Published 26 November 2012

Spam used to be text-based, but has recently turned high-tech, using layers of images to fool automatic filters; thanks to some sophisticated new cyber-sleuthing, researchers at are working toward a cure

These days spam plagues e-mail inboxes around the world, hawking miracle pills and enticing the gullible with tales of offshore bank accounts containing untold fortunes.

These once-text-based e-mail infiltrators have recently turned high-tech, using layers of images to fool automatic filters. Thanks to some sophisticated new cyber-sleuthing, researchers at Concordia University’s Institute of Information Systems Engineering are working toward a cure.

A Concordia University release reports that Ph.D. candidate Ola Amayri and thesis supervisor, Nizar Bouguila, have conducted a comprehensive study of several spam filters in the process of developing a new and efficient one. They have now proposed a new statistical framework for spam filtering that quickly and efficiently blocks unwanted messages.

“The majority of previous research has focused on the textual content of spam e-mails, ignoring visual content found in multimedia content, such as images. By considering patterns from text and images simultaneously, we’ve been able to propose a new method for filtering out spam,” says Amayri, who recently published her findings online in a series of international conferences and peer-reviewed journals.

Amayri explains that new spam messages often employ sophisticated tricks, such as deliberately obscuring text, obfuscating words with symbols, and using batches of the same images with different backgrounds and colors that might contain random text from the Web.

Until now, however, the majority of research in the domain of e-mail spam filtering has focused on the automatic extraction and analysis of the textual content of spam e-mails and has ignored the rich nature of image-based content.
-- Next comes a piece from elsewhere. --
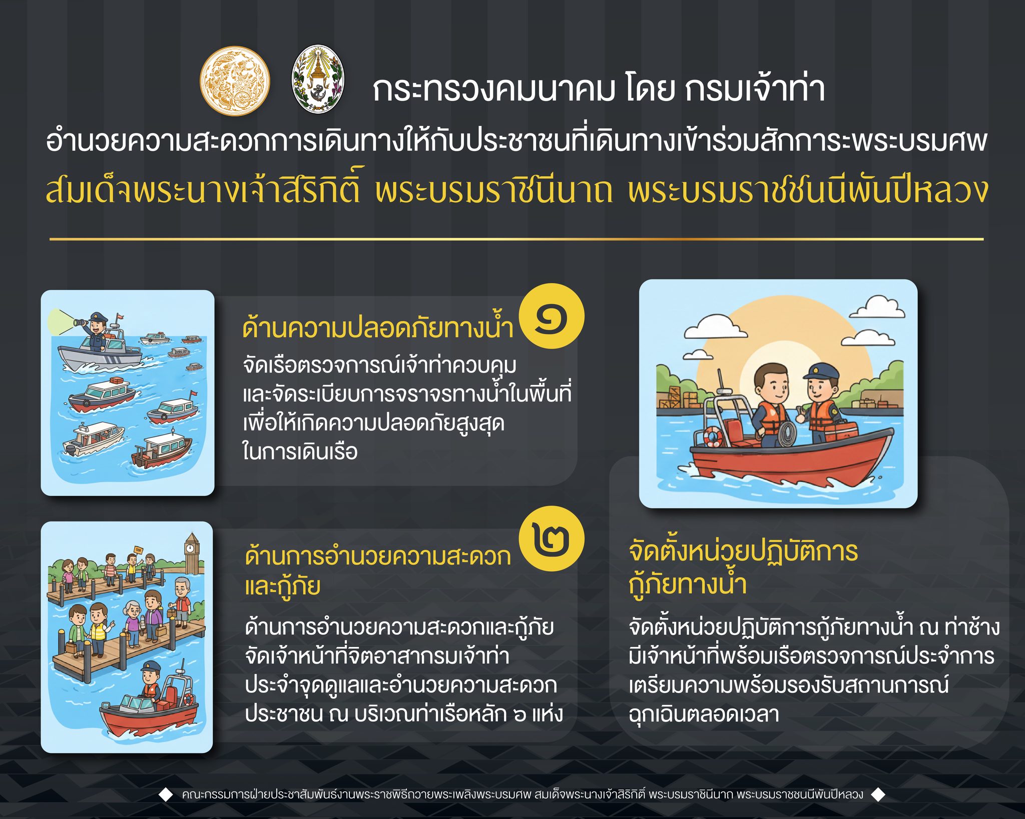• โปรดแต่งกายสุภาพไว้ทุกข์ สุภาพบุรุษงดสวมกางเกงยีนส์ สุภาพสตรีสวมกระโปรงหรือผ้านุ่งเท่านั้น
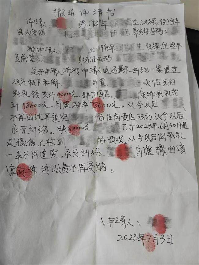 案件受理后,承辦法官與雙方幾番溝通,確認(rèn)二人感情破裂、無(wú)和好可能情形后,從雙方交往情況、共同生活時(shí)間、來(lái)往轉(zhuǎn)賬明細(xì)、本地風(fēng)俗習(xí)慣等方面綜合考量,向雙方釋法明理,充分講解民法典相關(guān)規(guī)定,促使雙方就返還彩禮數(shù)額達(dá)成一致。最終,被告王某向原告孫某返還彩禮款40000元、退還“三金”首飾,原告孫某申請(qǐng)撤訴,兩家矛盾就此化解。

When these tricks are used in combination, traditional spam filters are powerless to stop the messages, because they normally focus on either text or images but rarely both.
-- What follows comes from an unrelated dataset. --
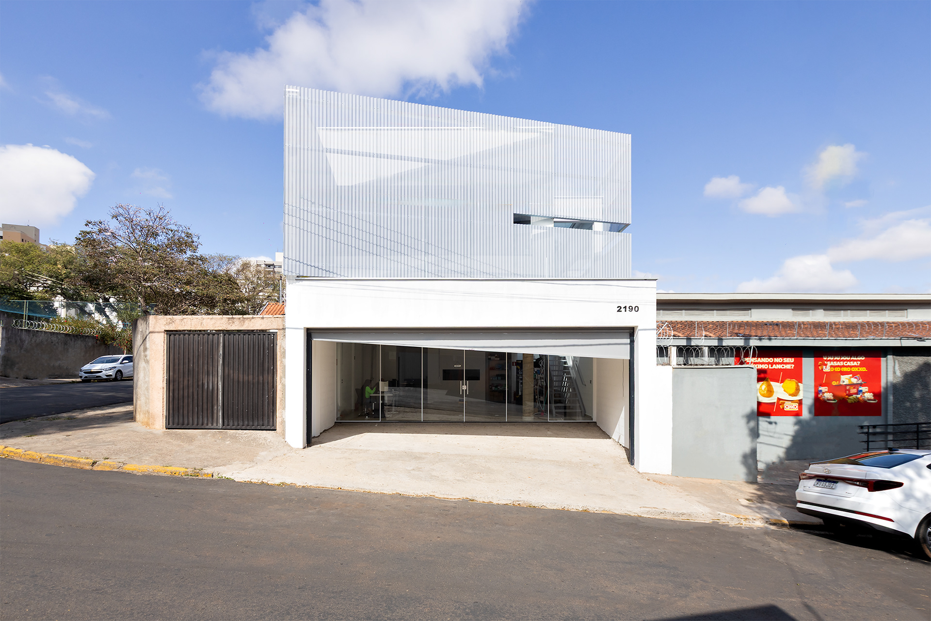 Em um terreno estreito e rua de pouca movimentação, nosso projeto para Papatec, uma loja de informática e manutenção de computadores, se destaca com uma volumetria marcante.
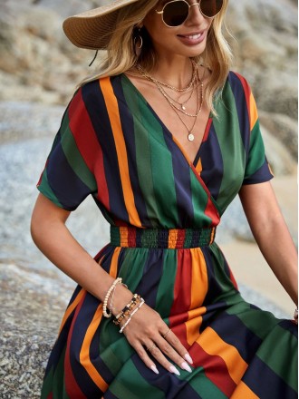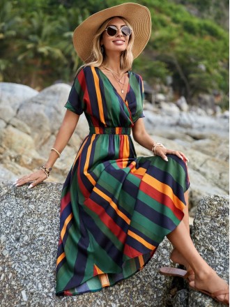 Dress Wholesale The new vertical strip pattern is thin printed Posmian style V -neck long shirt dres...

So how do we stop spam before it inundates our inboxes?

“Our new method for spam filtering is able to adapt to the dynamic nature of spam emails and accurately handle spammers’ tricks by carefully identifying informative patterns, which are automatically extracted from both text and images content of spam emails,” says Amayri.

By conducting extensive experiments on traditional spam filtering methods that were general and limited to patterns found in texts or images, she has developed a much stronger way, based on techniques used in pattern recognition and data mining, to filter out unwanted e-mails. Although the new method has been tested on English spam emails, Amayri says it can be easily extended to other languages.
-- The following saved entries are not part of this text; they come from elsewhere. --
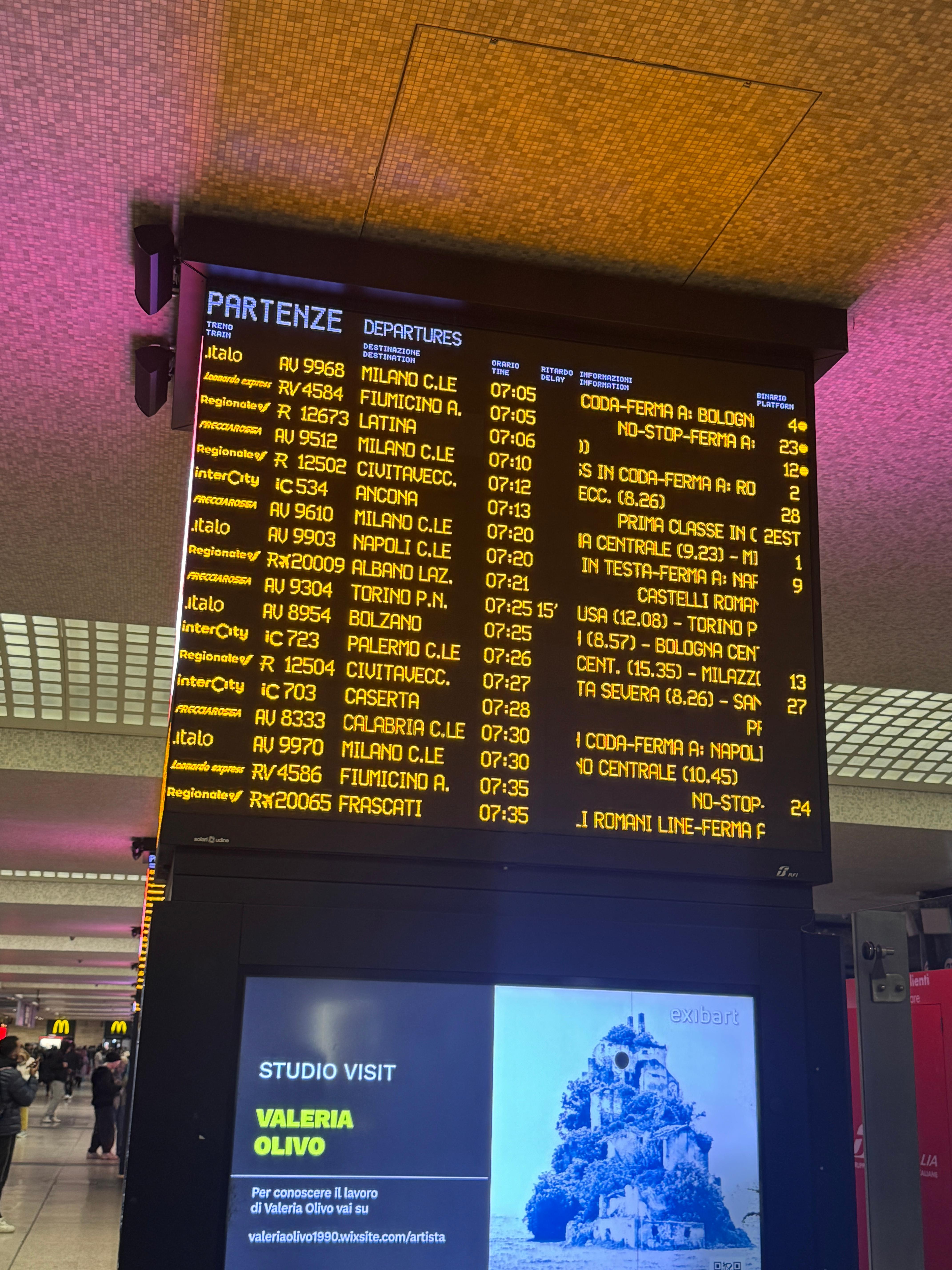 로마 테르미니 역 앞의 숙소에서 묵었기 때문에 아침 일찍 대충 식사를 하고 숙소를 나왔다. 기차역에서 출발편 기차 리스트의 전광판으로 부터 기차번호와 출발시간으로 플랫폼을 확인해야 한다.
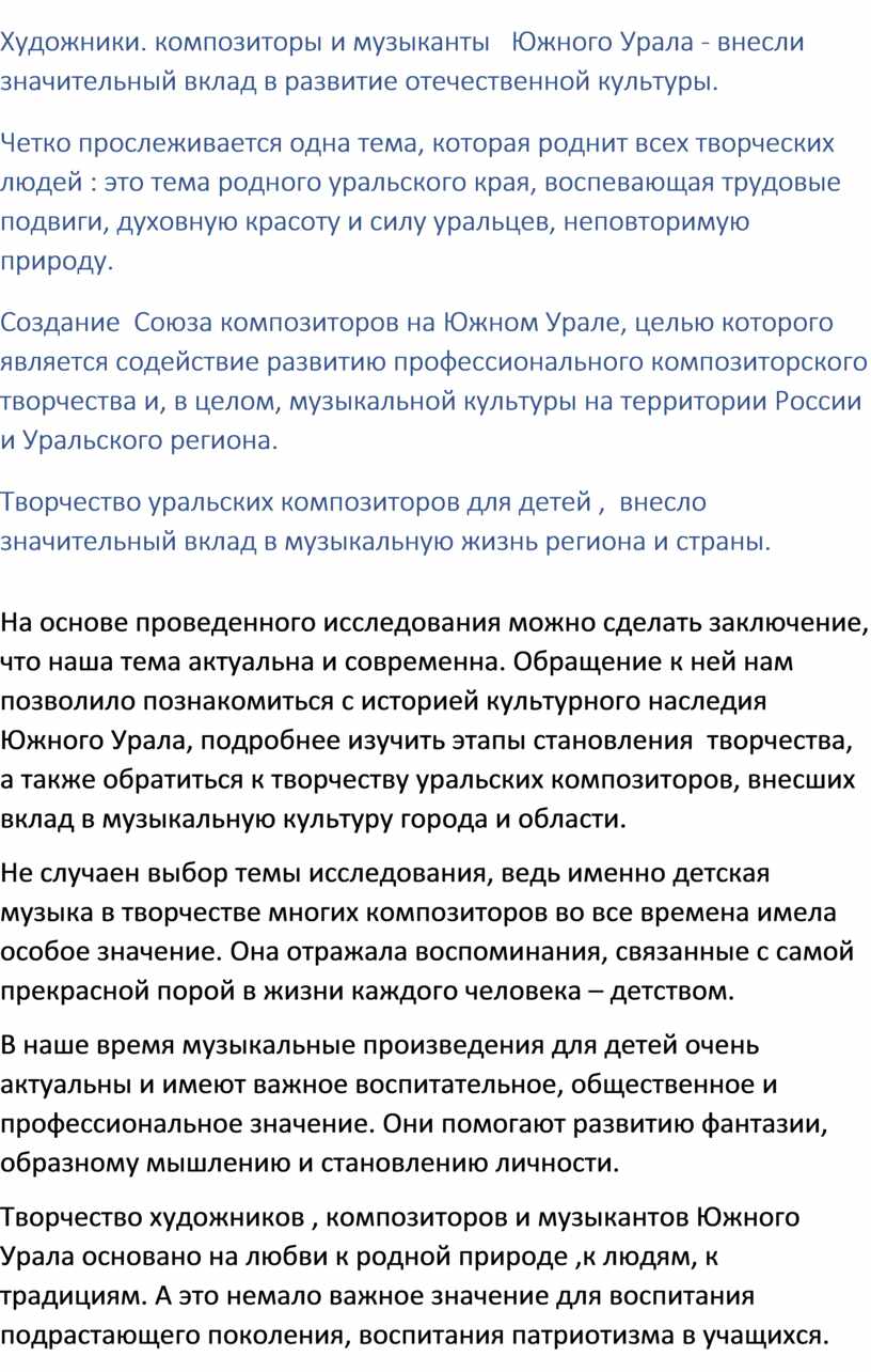 Творчество художников , композиторов и музыкантов Южного Урала основано на любви к родной природе ,к людям, к традициям. А это немало важное значение для воспитания подрастающего поколения, воспитания патриотизма в учащихся.
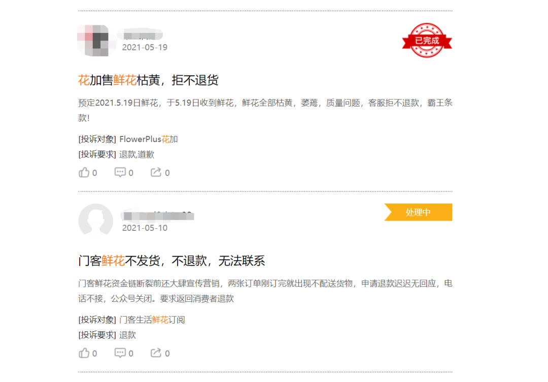 在黑猫投诉平台上,搜索“鲜花”关键词,投诉量达到数千条,其中投诉内容多为“不新鲜或破损枯萎”“配送不及时”“无人售后”“虚假宣传,花束搭配不好看”等。

The release notes that while this new spam-detecting approach is still in the development stage, Amayri and Bouguila are currently working on a plug-in for SpamAssassin, the world’s most widely used open-source spam filter. Amayri hopes that this plug-in will allow other researchers to perform further tests and make more progress in the field of spam detection.

“Spammers keep adapting their methods so that they can trick the spam filters,” says Amayri.

“Researchers in this field need to band together to keep adapting our methods too, so that we can keep spam out and focus on those messages that are really important.”

The completion of this research was made possible thanks to the Natural Sciences and Engineering Research Council of Canada (NSERC).